ABOUT THIS EXERCISE: After locating the line that contains "消防署の方に来ていただき,AEDの使い方や緊急時に心掛けなければ", give that line and all the rest through the end of the entries again exactly, leaving the pictures out.
= = = =
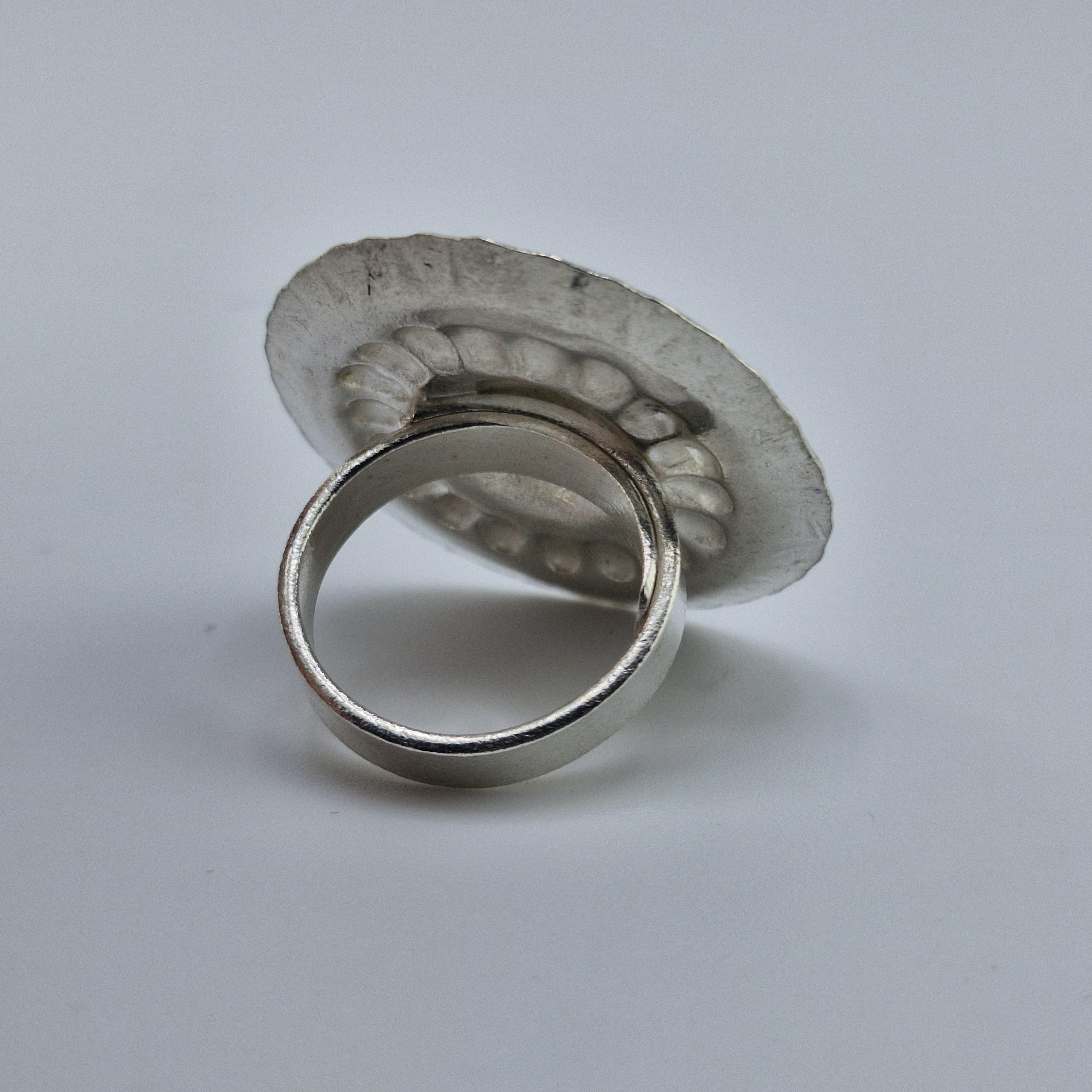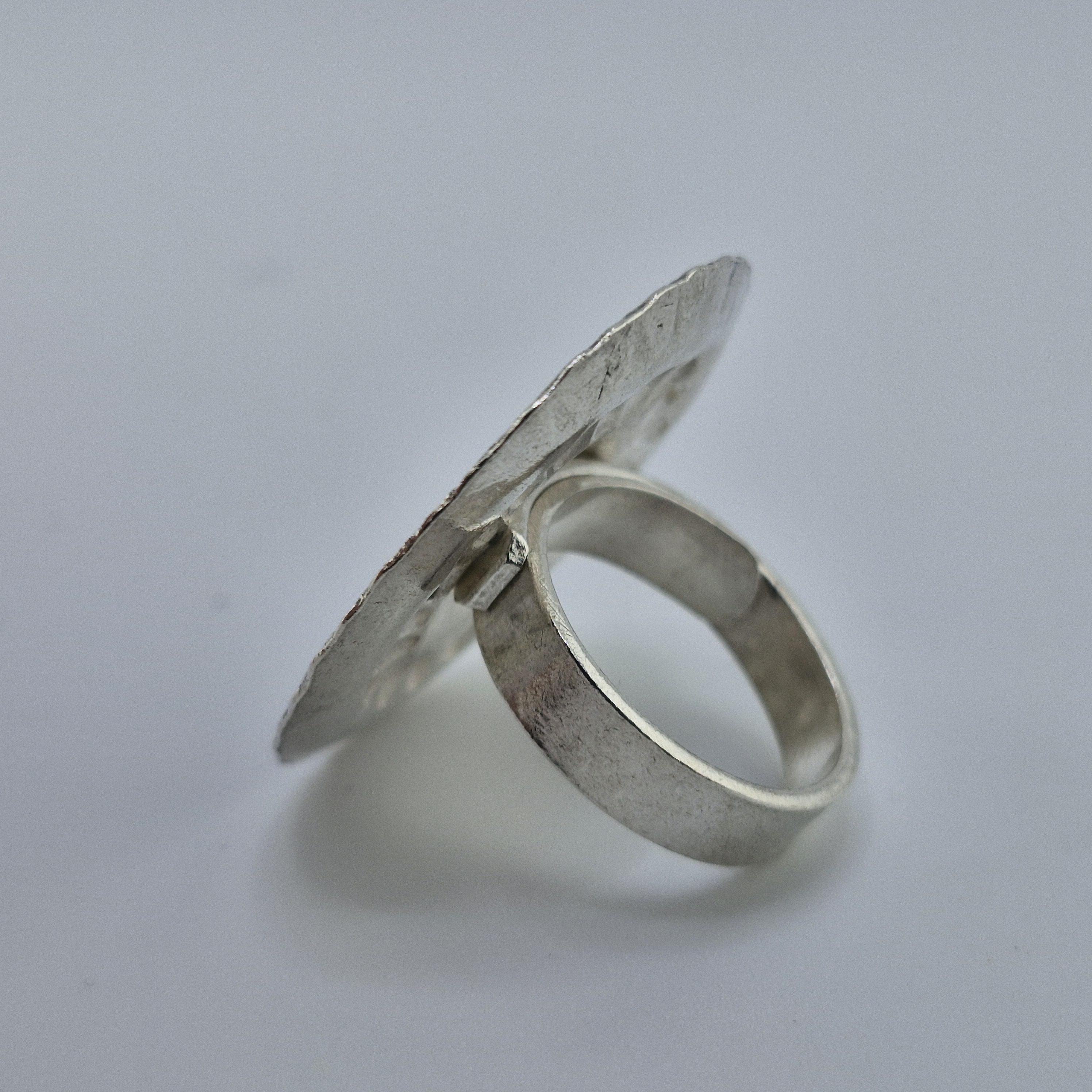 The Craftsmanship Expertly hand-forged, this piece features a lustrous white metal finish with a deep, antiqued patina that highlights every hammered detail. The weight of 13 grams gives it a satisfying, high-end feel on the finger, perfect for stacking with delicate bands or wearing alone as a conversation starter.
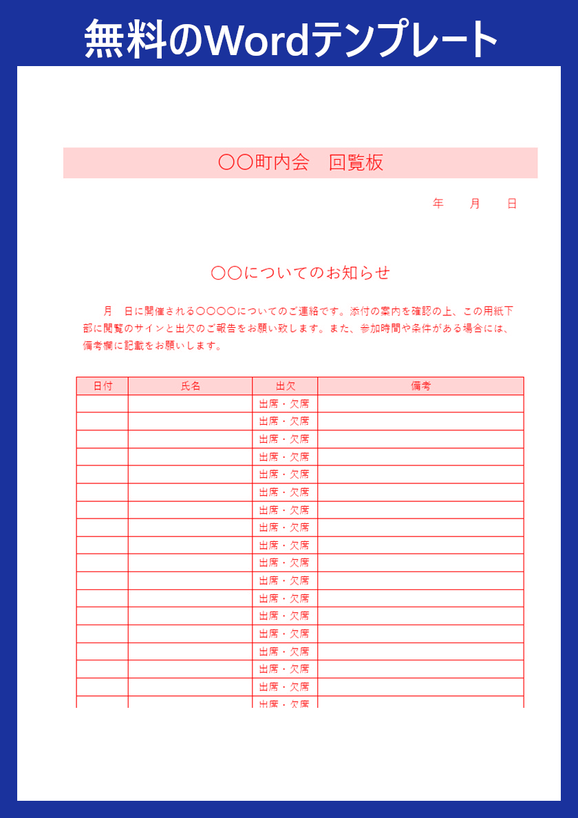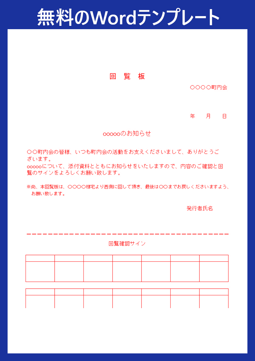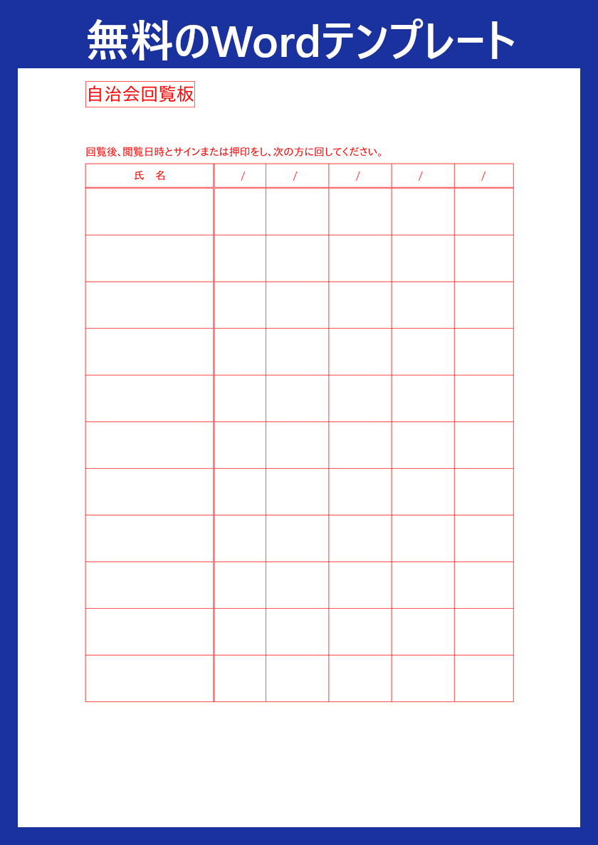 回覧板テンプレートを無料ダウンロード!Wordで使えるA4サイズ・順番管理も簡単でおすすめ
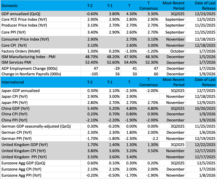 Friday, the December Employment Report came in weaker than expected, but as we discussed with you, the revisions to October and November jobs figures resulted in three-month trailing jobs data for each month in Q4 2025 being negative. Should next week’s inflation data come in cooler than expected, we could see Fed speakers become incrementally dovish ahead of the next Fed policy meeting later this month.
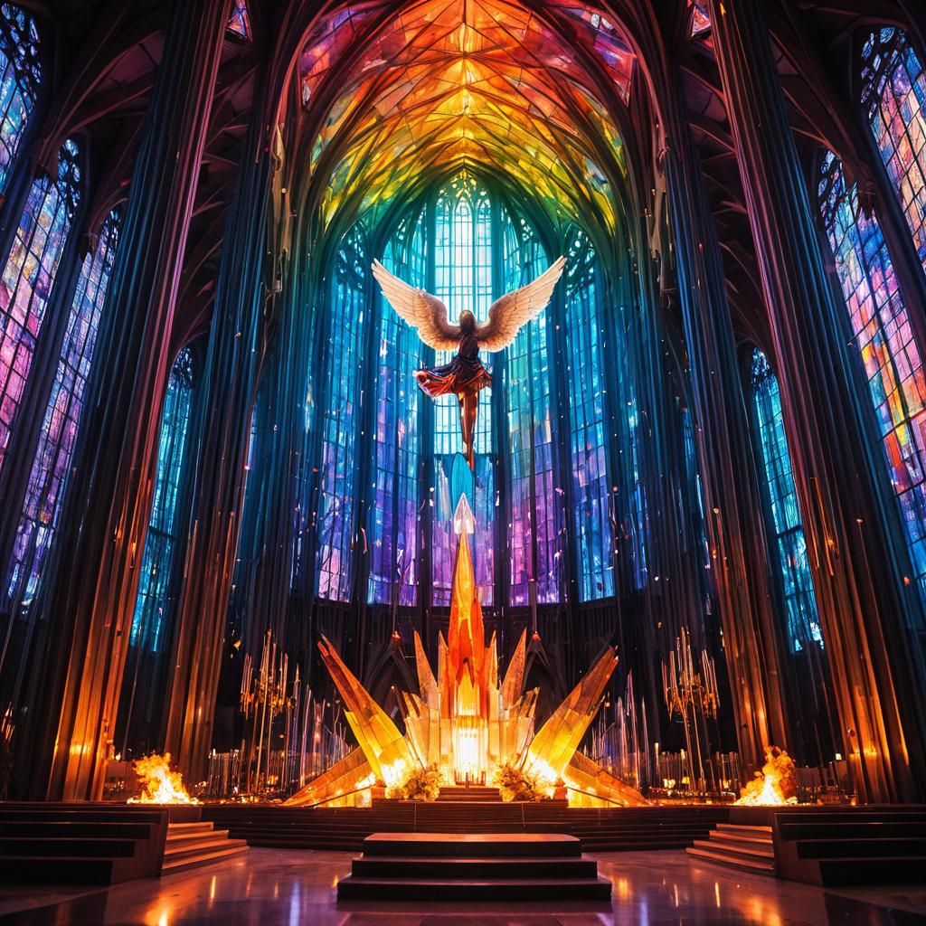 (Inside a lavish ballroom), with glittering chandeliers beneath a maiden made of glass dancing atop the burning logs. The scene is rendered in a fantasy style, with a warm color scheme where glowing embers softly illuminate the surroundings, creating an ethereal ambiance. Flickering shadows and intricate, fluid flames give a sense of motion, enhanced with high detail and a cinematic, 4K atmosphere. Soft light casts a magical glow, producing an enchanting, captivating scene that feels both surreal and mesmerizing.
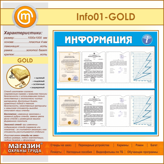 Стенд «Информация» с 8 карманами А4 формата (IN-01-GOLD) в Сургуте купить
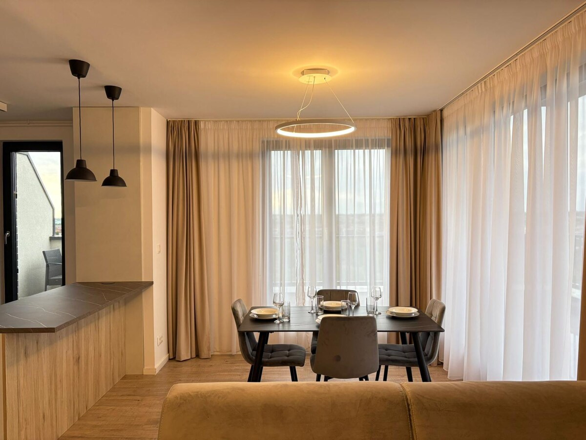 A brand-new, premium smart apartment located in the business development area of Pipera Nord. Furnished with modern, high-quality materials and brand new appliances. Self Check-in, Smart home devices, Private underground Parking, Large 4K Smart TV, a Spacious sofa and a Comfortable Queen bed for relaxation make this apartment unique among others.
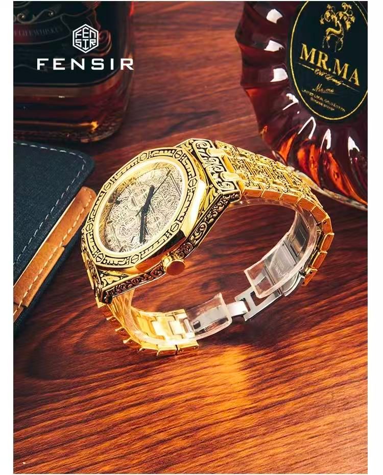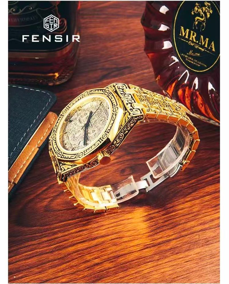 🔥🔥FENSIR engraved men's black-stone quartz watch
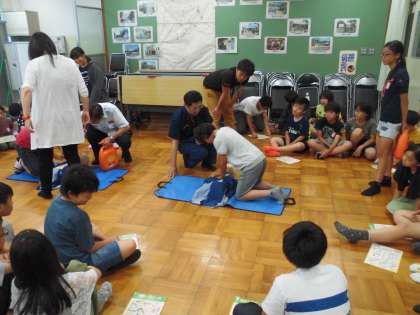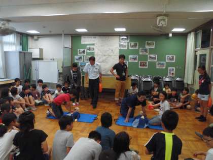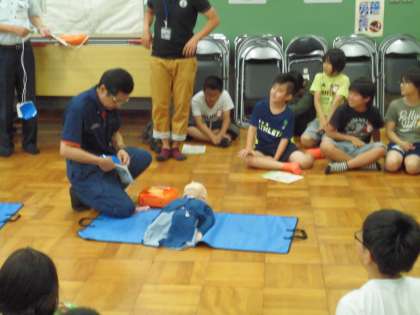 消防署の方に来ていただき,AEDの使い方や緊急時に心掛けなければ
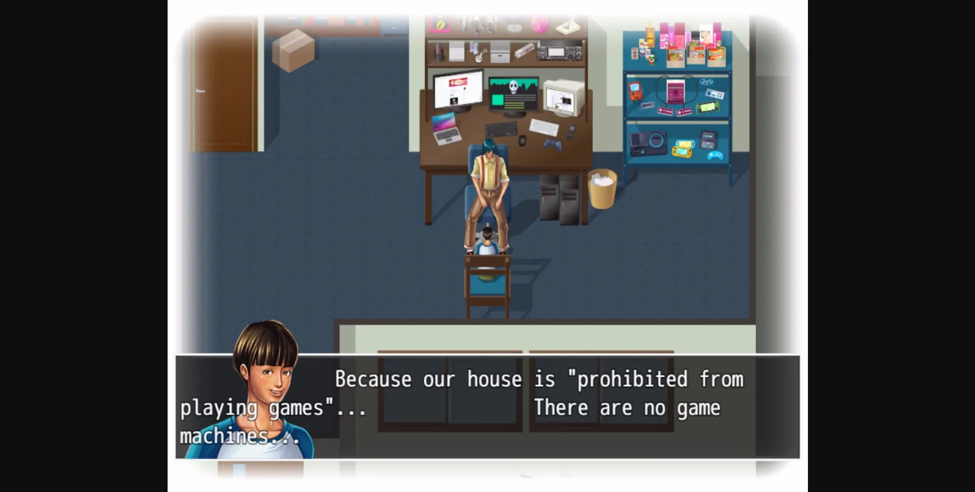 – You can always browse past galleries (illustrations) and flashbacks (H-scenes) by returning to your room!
= = = =
COMPLETED TASK:
 消防署の方に来ていただき,AEDの使い方や緊急時に心掛けなければ
 – You can always browse past galleries (illustrations) and flashbacks (H-scenes) by returning to your room!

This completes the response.